Language resource management — Feature structures — Part 2: Feature system declaration
语言资源管理——要素结构Spart 2:要素系统声明
发布日期:
2011-09-26
ISO 24610-2:2011提供了一种在自然语言应用程序中表示、存储或交换特征结构的格式,用于语言数据的注释和生成。它的最终目的是提供一种计算机格式来定义类型层次结构,并声明对一组特征规范和特征结构操作的约束,从而提供检查每个特征结构与参考规范的一致性的方法。特征结构是许多语言形式主义的重要组成部分,也是表示语言工程应用所消耗或产生的信息的基本机制。
要素系统声明(FSD)是一个辅助文件,与使用fs(即要素结构)元素的特定类型的文本一起使用。消防处有四个目的。1) 它提供了一种编码,通过这种编码可以引入和定义类型及其子类型和继承关系,从而为构建特征系统奠定基础。2) 它提供了一种机制,通过这种机制,编码器可以列出所有特征名称和特征值,并对每个特征代表的内容进行详细描述。3) 它提供了一种机制,通过该机制可以声明类型约束,并根据类型化特征逻辑中所述的给定理论验证类型化特征结构。
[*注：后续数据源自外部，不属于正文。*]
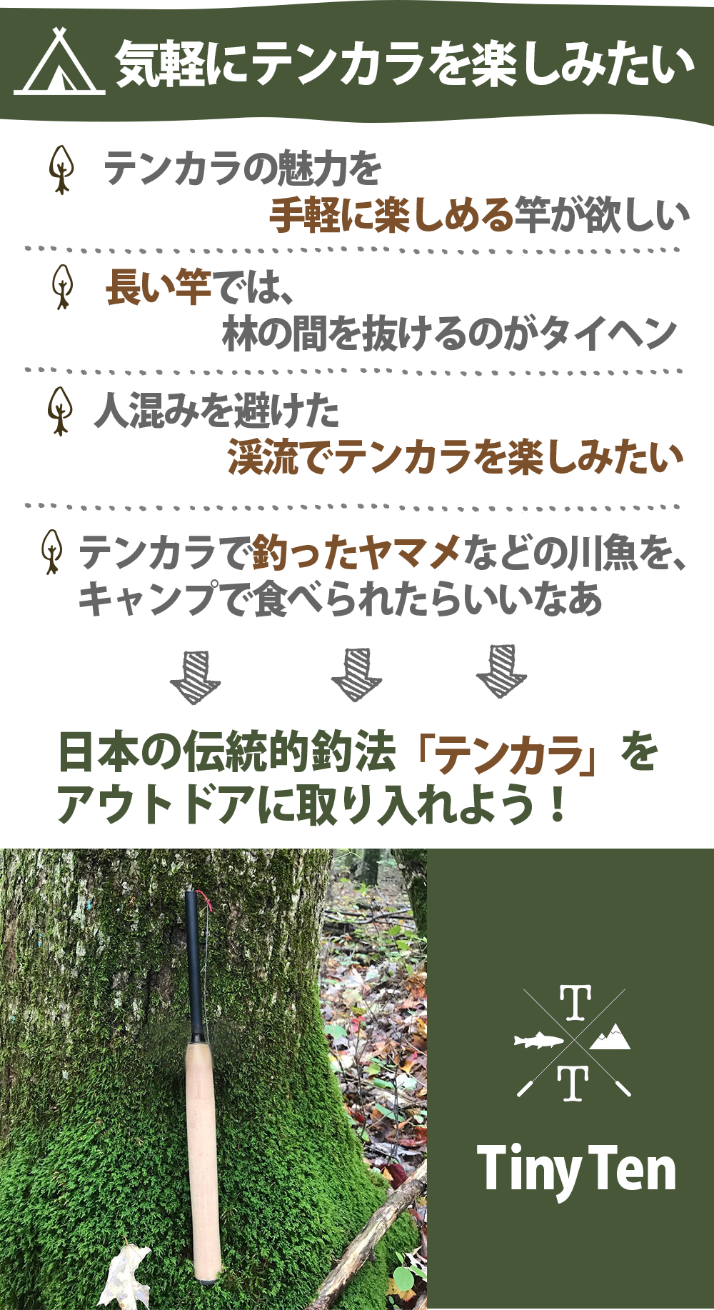 気軽に「テンカラ」が楽しめるTiney Tenは、クラウドファンディングで多くの支持を集めた実績があります。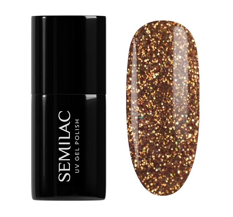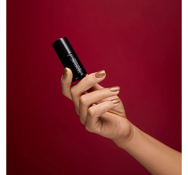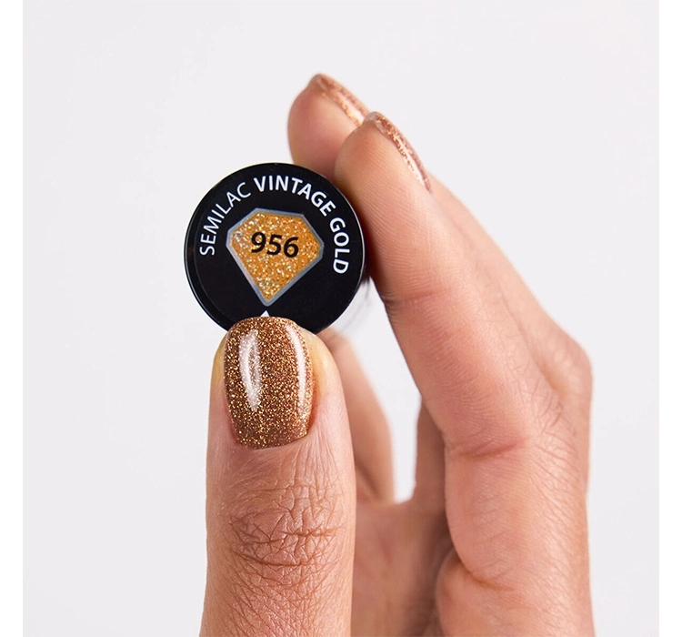 UV-Hybridlack Semilac Winter Wonderland 656 Vintage Gold ist ein luxuriöser, warmer Goldton, gefüllt mit intensiv glänzendem Glitter, der die Nägel wie flüssiges Gold umhüllt. Er enthält holografische Partikel, die einen mehrdimensionalen Glanz erzeugen und der Maniküre einen außergewöhnlich eleganten und edlen Charakter verleihen.

这些约束可能涉及对特征值范围的约束、在某些类型的特征结构中允许哪些特征的约束,或防止某些特征值对同时出现的约束。这些约束的来源通常是正在建模的经验领域。4) 它提供了一种机制,编码器可以通过该机制定义未指定特征结构的预期解释。这涉及到为缺少的特征定义默认值(无论是文字值还是计算值)。
ISO 24610中描述的方案-
2:2011可用于记录任何特征系统,但主要用于ISO 24610-1中定义的类型化特征结构表示。ISO 24610-1的特征结构表示法规定了受ISO 24610-2:2011规定的类型约定和约束的数据结构。ISO 24610-1的特征结构表示也用于ISO 24610-2:2011中定义的一些元素中。
ISO 24610-2:2011 provides a format to represent, store or exchange feature structures in natural language applications, for both annotation and production of linguistic data. It is ultimately designed to provide a computer format to define a type hierarchy and to declare the constraints that bear on a set of feature specifications and operations on feature structures, thus offering means to check the conformance of each feature structure with regards to a reference specification. Feature structures are an essential part of many linguistic formalisms as well as an underlying mechanism for representing the information consumed or produced by and for language engineering applications.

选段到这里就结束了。